Officials at Amherst College, the only institution to receive an A-plus-plus, said seeing their rating from the project helped them make improvements.
“Early on we knew from the beginning of the semester it would be important to be very transparent both with our own internal Amherst College community but also with the local community and our neighbors,” said Matt Hart, director of emergency management at Amherst. “When we learned that we were given an A, we discovered that there were only a couple of minor tweaks that we would have to make to get to that A-plus-plus, and we figured it couldn’t hurt, particularly if it could encourage other institutions to follow suit.”
As the project has grown, so has the team behind it. Hannah Todd, a med student at Baylor College of Medicine; Sarah Pitalfi, an undergraduate at Yale; and Eric Newberry, a data analyst at Ohio State, were all brought on to help in the effort.
Feedback for the project has mostly been positive, but Forman said that sometimes people expect the ratings to be something they are not.
“Some of the most aggressive comments we saw were when we gave a high rating to a dashboard and people on that campus or maybe parents of kids were like, ‘This may seem good, but it’s horrible there,’” he said. “I think people are misunderstanding -- we are not rating how good the program is. We are not rating whether they are doing good public health practices or whether their screening or testing program is better or worse than others. We are only rating them on transparency, on how much data they are sharing with the public.”

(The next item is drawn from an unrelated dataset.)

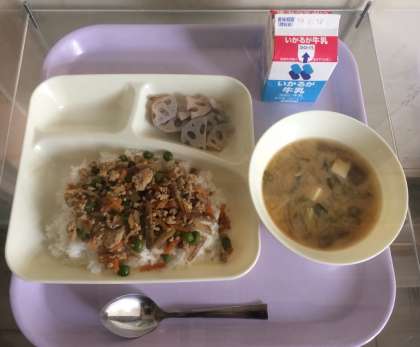 鳥ごぼうごはん、ずいきのみそ汁、焼きれんこんです、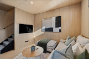 Living Space: Open-plan kitchen, lounge, and dining area, featuring a heatpump for year-round comfort.

“If colleges say they are isolating and quarantining people, we can’t ascertain whether that’s really happening,” Ojo said.
Over all, the project team said, they just want to see colleges exercise transparency.
“I think that the public needs to hold institutions accountable, whether they are public or private institutions,” said Forman.
“We are doing this with the hopes that everyone will get an A-plus-plus,” said Ojo. “That is our No. 1 goal.”